Tuesday, June 18, 2019

Deconstructing a Loveseat

DIY loveseat

It's a fact of life and DIY that things get worse before they get better. If this project had a quote it would be by Churchill, "When you're going through hell keep going."  

Because really, who wants to stop and rest in hell? 

It took me several years to know what to do with a free loveseat some friends gave us a few years back but then it came to me like a flash. Here's what I started with. A well made functional loveseat with some fairly dated fabric.


You might not recognize it because for the past couple of years it has looked like this.


How did I miss the micro-trend of deconstructed furniture? Why didn't y'all tell me? Check it out on Pinterest if you have no idea what I'm talking about. 

It basically involves ripping all the fabric off a piece of furniture. Then adding back however much you want. I wish I could tell you how to do this. It is what it sounds like. I had to stop two hours in to run to Walgreens for Acetaminophen and Ibuprofen. Here are the other tools I used. 


I found that the handiest tool was a really long skinny flathead screwdriver for prying fabric loose and then needle nose pliers for gripping staples and pulling them out. I now officially hate staples. 


I should also say this: Actually reupholstering it would have been easier, so if you think this was the easy way out, keep reading.


Let me give you some advice if you are going to attempt this form of abuse. 1. Don't do it in your house if you can help it. It's nasty every step of the way and this piece wasn't even that old. 2. Wear gloves.  So many staples. 3. Take a lot of breaks. It's like an all-day wrestling match. But eventually you get down to the bare bones of the thing and in the picture below you can see that I started reupholstering parts of it with drop cloths.

deconstructed sofa

Again the how-to of this thing is really however you can, but taking off the back reveals how a lot of it is put together. I used a paint stirrer to shove the new fabric under the back and then tacked it to the frame. The sides worked the same way. Turning the piece over makes it much easier to do some of the work.

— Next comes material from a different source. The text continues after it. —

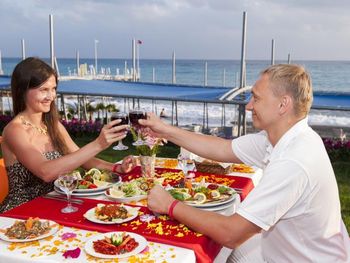 Гостям подают завтрак «шведский стол», континентальный завтрак или полный английский/ирландский завтрак. При Concordia Celes Beach Hotel работает ресторан, где подают блюда китайской кухни, блюда средиземноморской кухни и пиццу. По запросу для гостей приготовят вегетарианские, безлактозные и халяльные блюда.

I was so happy when I uncovered the frame of this arm. I knew I'd be leaving this exposed.

deconstructed sofa

I used drop cloths for the inside areas where you sit. On the outside areas, I used burlap. That is what was under the fabric on the back but it was old and dirty. I removed so much batting which immediately made this piece seem daintier and more streamlined.


In the photo above you can see some kind of indestructible fabric which was obviously created by Satan. I pried. I pulled. I cut. I cried. WHAT IS IT? It had threads of plastic running through it that reminded me of some old school tape from the 70s my dad used to use when he didn't have duct tape.  I ended up cutting most of it out then just tucking the rest of it inside as I tacked on the new fabric.

deconstructed furniture

 You could speed the process up by using some kind of adhesive or a staple gun, I, however, chose to just use upholstery tacks for the entire project. My favorite part was putting the fabric on these curved arms. You could use the material you remove as a pattern for the new fabric but I just tacked and cut as I went. Carefully. 

drop cloth upholstery

I knew on the back I wanted to add a detail, so I stamped No. 72 using Iron Orchid Decor Stamps. To me that makes it feel so legit. I stamped the burlap before attaching it.


I'm all finished except for covering the cushion which will be sewn.


I love the little pom poms of batting that are stuck in the wood. I still have lots of staples to remove but I'll probably leave these.

how to deconstruct furniture

Why 72? I have no idea except when I saw the finished piece in my mind that's the number I saw there.

DIY furniture

I loved this project. But if you are tempted to try this at home, let me warn you, it's a bloodbath. Well, there wasn't any actual blood but it was a battle. It's not for the faint of heart (faint of anything for that matter) Again...staples. but I cannot get over how it turned out. For the sake of these photos, I covered the cushion with some grey burlap. 


I am in love with this project and if there is an actual bloodbath it will be if the cat tries to continue to use it as a scratching post.

4 comments:

  1. Looks soo boho-chic & beautiful~ ✨ Great work!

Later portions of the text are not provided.